I really enjoyed the two 5 month old Rhode Islands that we named Tortilla and Tortellini, (because we said we would prepare them as such when the time came to eat them).  As much as I convinced myself that they were not pets, I was stilled disheartened at losing them beyond the fact that they never really earned their keep in eggs due to their short stay.  After buying the pair, constructing a coop, and feeding them, they really needed to lay for a couple of years to make them cost efficient.



They did, however, lay almost an egg a day each throughout the time that I had them.  They laid brown to light tan, sometimes speckled, large eggs.  They were delicious and fresh and I really enjoyed the eggs almost as much as I enjoyed watching the ladies follow me around the yard and peck at anything and everything.

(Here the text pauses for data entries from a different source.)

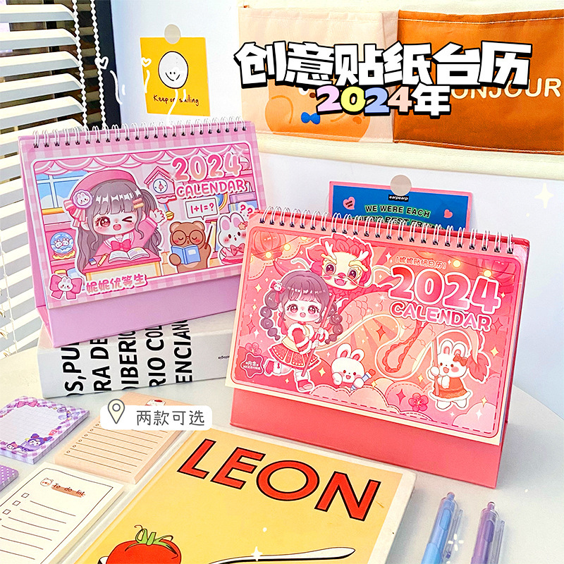 桌面记事小台历学生自律文具卡通贴纸台历龙年打卡日历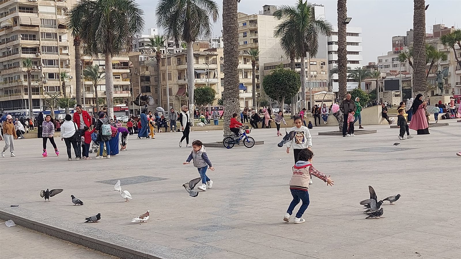 شهدت ساحة الشهداء "ميدان المسلة"، اليوم، توافد عدد من اتوبيسات الرحلات ، وذلك للاستمتاع برؤية المشهد الأوروبي الذي تتمتع به ساحة الشهداء وهو تجمع المئات من حمام السلام وسط المواطنين، والذي يجعل من ساحة الشهداء على غرار أوروبا، مع الأجواء الشتوية الرائعة بمحافظة بورسعيد.
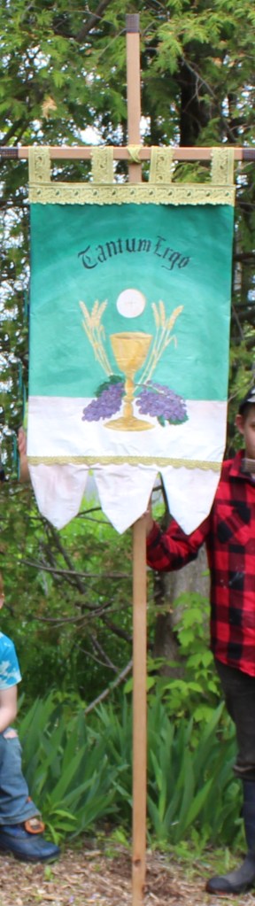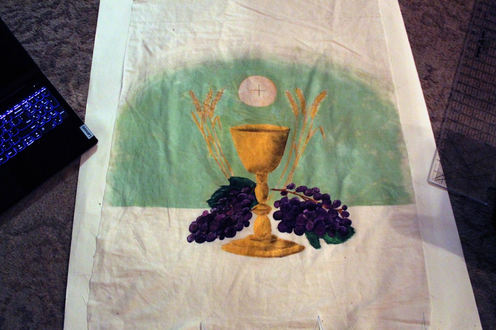 Processional banners for faith-related events are typically fille with symbols of the faith that are important to the family, group, or parish. When our parish (and our sister parish) took up the tradition of Corpus Christi processions once again, we no longer had useable processional banners. Being on a time-crunch, and working solo, I decided to make some for our parishes. For the design, I used images that are prominent in each parish that reflect the parishes’ patronage. The second side had the names of the parishes painted on them. For home use, I decided to use the chalice, Host, wheat, and grapes with the words “Tantum Ergo” which are typically sung during adoration. The grapes and wheat are reflective of the agricultural work we do on our homestead. On the other side, I used a picture of my parish’s monstrance, and in the luna (the window), I painted a host with the Sacred Heart on it to reflect a powerful experience I had during the 10th National Eucharistic Congress in 2024. The background color mimics some coloring in a portion of the monstrance, but the blue color is one I have often seen during prayer that makes me think of Mary.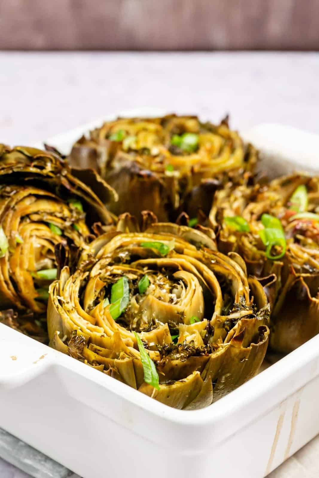 These baked Stuffed Artichokes are a dream for spring enjoyment. Get them while they are big and plump to enjoy all the wonderful ingredients like Parmesan, parsley, garlic, lemon, and more.

I'm not sure if I will replace them or not.  If I do, it will certainly not be until mid August when we return from our bike tour (more on that later).  I guess if anything good came out of the unfortunate deaths of the Tort sisters, it is that no one has to come over for the month and a half that we are gone and feed them.  Maybe I will try bee keeping instead next!  (I recently went to see Queen of The Sun, a documentary featuring Micheal Pollan, about colony collapse in honey bees.  I'm feeling inspired!)

Rediscovering the Co-op

As we have settled into our new lifestyle, we gravitated back to the local co-op, (Open Harvest), which we had dismissed as trendy and over-priced back when I didn't eat meat and we were buying frozen processed foods such as veggie hot dogs with more substance in the packaging than in the food itself.  The hunt for pasta brought us back to Open Harvest with our skepticism wholly in tact, but as implied by the title of this post, we left with an entirely different attitude.

Open Harvest not only carried multiple types of pasta in bulk bins, but also about everything that we could possibly want!  From bins of olive oil, honey, and peanut butter, to wasabi peas, spices, oatmeal, and flour.  We even got laundry detergent and hair products!  We were even more thrilled as we checked out and were rewarded for bringing reusable bags with a punch card that when filled will give us a discount on groceries.  The produce is amazing and we even found fresh mushrooms that you pick up with tongs and throw in your produce bag.  Although prices are ever so slightly higher for the fresh and delicious organic produce that we buy there, we seem to be eating more and more healthily and don't seem to be spending more money overall on groceries because we aren't buying the expensive packaged stuff.  Not to mention how much money we save by buying from bulk bins.  We have also successfully cut out almost any food waste, which saves a lot of money.  Its amazing how when we used to buy junk like Ramen noodles and Hamburger Helper we would take food for granted and throw out or never cook so much of what we payed for.

Open Harvest has become an absolute necessity in our lives and it is so refreshing to be surrounded by people who don't think we are strange for pulling trailers with bikes to get groceries and bringing in our own jars.  In fact, it is completely normal and maybe even expected!  Now if only they would get meat and cheese that is plastic free!